A chromatographic approach for investigating the proliferation ability of native Saccharomyces cerevisiae yeast strains under varying temperatures and ethanol concentrations.

Abstract

Native yeast strains have been proved to be of great importance for food industry. In the present work, two different Saccharomyces cerevisiae native yeast strains isolated from the must from Moschofilero and Agiorgitiko varieties, respectively, were studied in order to estimate the influence of temperature and ethanol concentration on their proliferation ability via asymmetric flow field-flow fractionation (AsFlFFF) technique. The growth rate of the yeast strains, was directly linked to the biomass production under these conditions and was finally investigated via the ability of AsFlFFF to separate particles according to their size. The experimental results showed that the native yeast Saccharomyces cerevisiae from the must of the Moschofilero variety has an ideal growth temperature of 15°C in the absence of alcohol but exhibits low resistance to ethanol. In contrast, yeasts from the Agiorgitiko variety exhibit resistance to 10% v/v ethanol and remain active for a longer period of time.

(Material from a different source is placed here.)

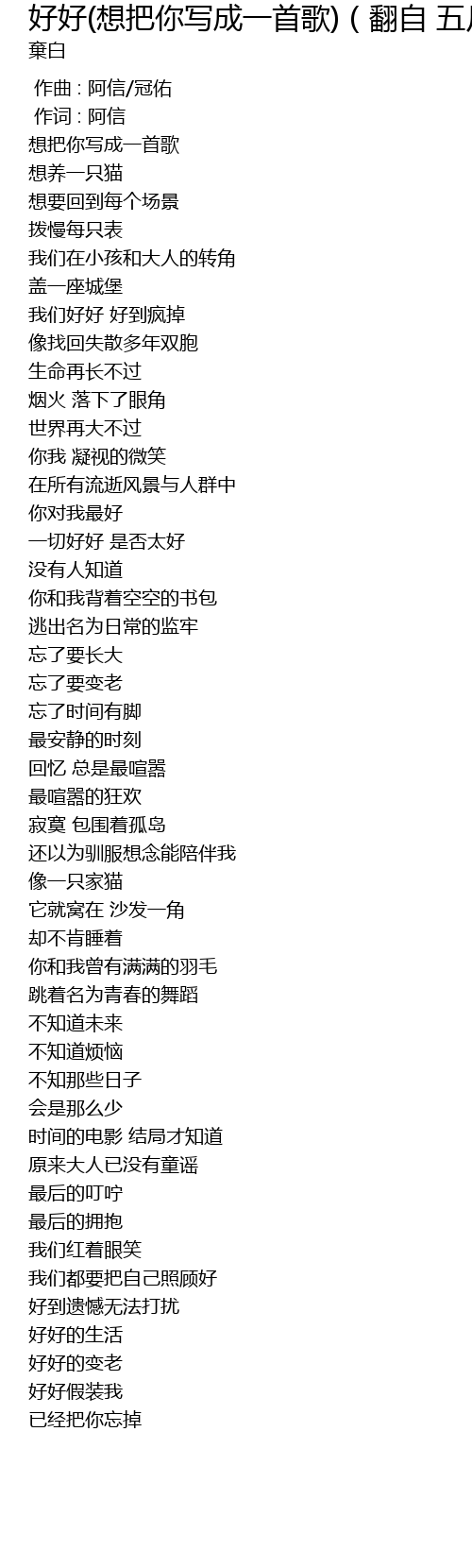 | Song | 好好(想把你写成一首歌)(翻自 五月天) |
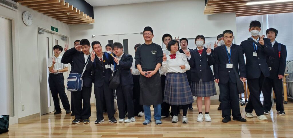広島県の支援高校の修学旅行生を対象に 手打ち沖縄そば体験教室 を開催しました。

The ability of these strains to grow under these conditions is a strong indication that they can be used as starter cultures in winemaking to improve the organoleptic characteristics of the produced wines. Yeasts from Moschofilero are suitable for starting fermentation under normal conditions, while yeasts from Agiorgitiko can be used both as starter yeasts and in ethanol environments. This study shows also that the asymmetric flow field-flow fractionation technique can be successfully used to monitor yeast growth under different experimental conditions.